Dad would of been 78 on the 2nd of April this year. I decided to hold back on publishing this, because of all the April 1 stuff on my dash.
But I couldn’t let it pass unmarked. So, below the cut, is everything my father was to me.
I was told I’d have ten minutes to tell everyone about a lifetime with my father. One - that’s clearly impossible. And two - I suck at summaries. How can anyone condense forty-two years into ten minutes? How can I tell you everything that Dad was?
Dad was… comfort and security. I still remember the nightly ritual when I was a little kid. After Mum rubbed his aches down, He’d put on his yellow dressing gown with the black trim and I’d sit in his lap while the television went on, and I’d spend a majority of the cuddle-time methodically picking the pills off. I still remember the strong smell of sarsaparilla and the feel of him through that old dressing gown, and the sense of peace it bought me.
Dad was… in love with mischief. Always the benevolent mischief that caused no lingering harm and even laughter in the people he played with. He would take great delight in noisily trying to blow over my block towers. Or share the summer temperatures with his co-workers in Autopack. Or atrocious puns with… well, just about anyone who shared his air.
Dad was… an opportunist. He taught me the real meaning behind the phrase “one man’s trash is another’s treasure” by bringing home factory rejects or giant bags of discontinued product. It was like Christmas, back then, to see him coming in with an enormous plastic bag or a big box of cheap plastic treasure. And I learned that if they’re throwing it out - they’re also giving it away for free… so you might as well help yourself.
Dad was… a softie. For all his gruff manner, he had a soft spot for small animals and was always gentle with children. He was why we adopted two stray cats. And I still remember the time we went out of our way to rescue a Joey after its mother had been hit by a car. Dad taught me that all living things deserved our respect, our kindness, and when we had to - our mercy. He taught me to care for all the creatures, and how to share our space with the wildlife that came to visit.
Dad was… a writer. Not on a professional level, he was too much in love with purple prose. But he had a lifelong love of English and word-play, and worked on endless rewrites of a planet I’d made up in my teens. I was glad I’d inspired him. I was always happy to hear he was trying to improve his stuff… but I think his love of mischief kept turning his words purple just to get a rise out of my Mum.
Dad was… an armchair anarchist. When he was able to, he kept and competed with blackpowder pistols. And collected guns just to thumb his nose at the authoritarians who tried to restrict his access. He kept a vast library about weaponry and warfare tactics… not because he loved war, but because he wanted to be prepared when the revolution came.

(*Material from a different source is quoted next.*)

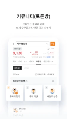 -나와 같은 종목을 투자하는 투자자는 어떤 생각을 하고 있는지 궁금한적 있으셨나요? 실제 주주들이 내 주식에 대한 투자 아이디어와 정보를 나눌 수 있는 종목 토론 커뮤니티를 제공합니다.

Dad was… belligerent, when he could not get his way. He had this way of shouting that would gradually erase the volume of his voice. Until there was nothing left but a whispering croak. You knew he was really angry about something when his face was red but you could hardly hear him. And despite that clear rage… he was something of a pacifist.

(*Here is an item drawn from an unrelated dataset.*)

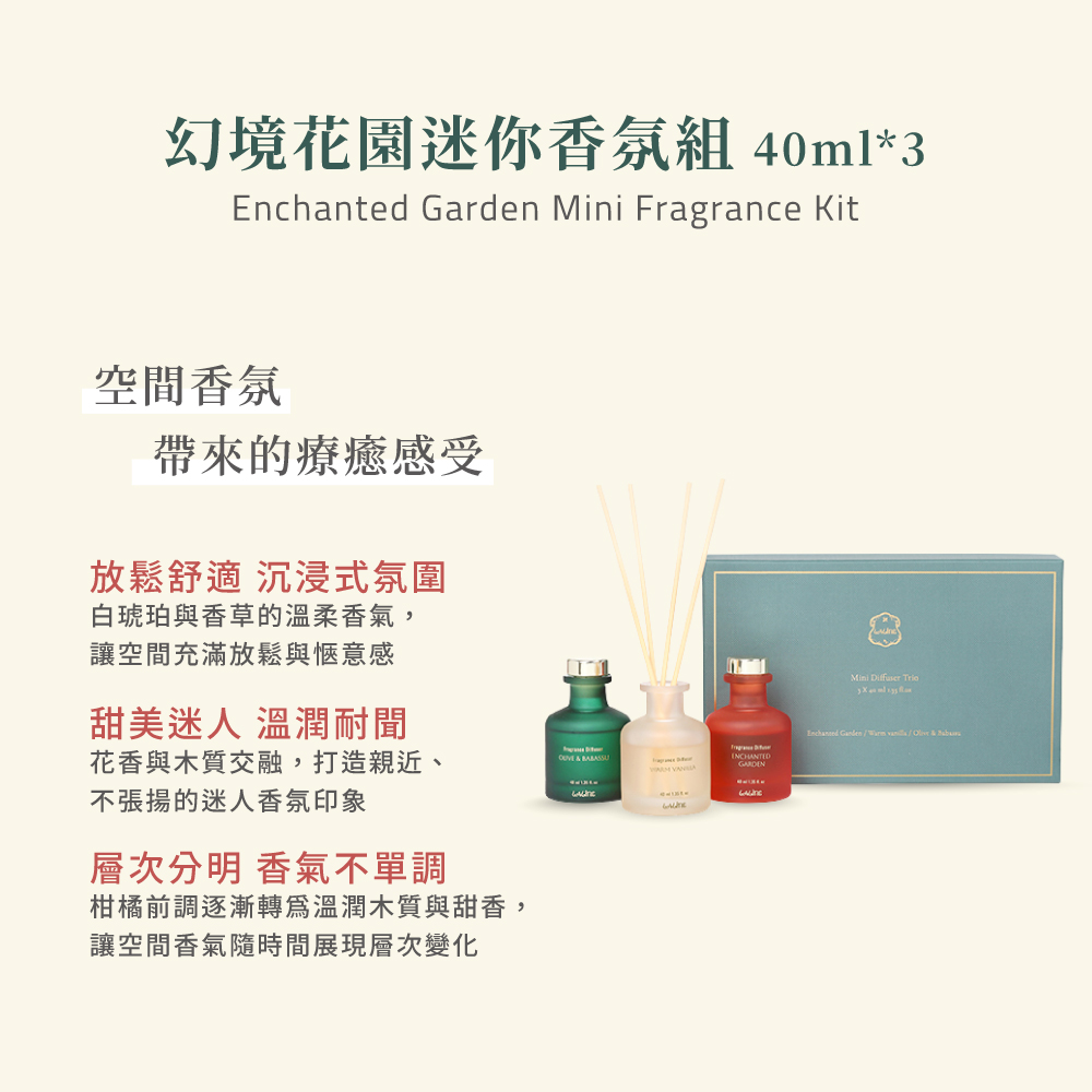 新春好運禮【Laline】幻境花園迷你香氛禮盒 40ml(3瓶)|幻境花園、日光香草、橄欖巴巴蘇三款人氣香氣,依心情自由切換 | NearMe | 線上送禮平台『獨家支援 收禮者改選禮物』

Dad was… intense in his passions. If something grabbed his interest, he would sink himself into it up to his neck. And worse, he would try to ‘infect’ everyone in his sphere of influence with his love of the thing. Ancient weapons, meerkats, The Phantom… whatever it was, you could see him coming alive with the enthusiasm and you just couldn’t bring yourself to even try to shoot that down. I remember him grinning as he told me, “You’ve got to have a look at—” his passion of the year.
Dad was… unkillable. He’d been through experiences that would have killed, maimed, or disabled any other mere mortal. He always said that doctors had been trying to kill him since he was born. It was his reassurance whenever either Mum or I worried out loud about his health. I called him the original tough nut, and he would laugh.
And now, the saddest sentence in my life is two words: Dad was.
And Dad was impossible to sum up in ten minutes.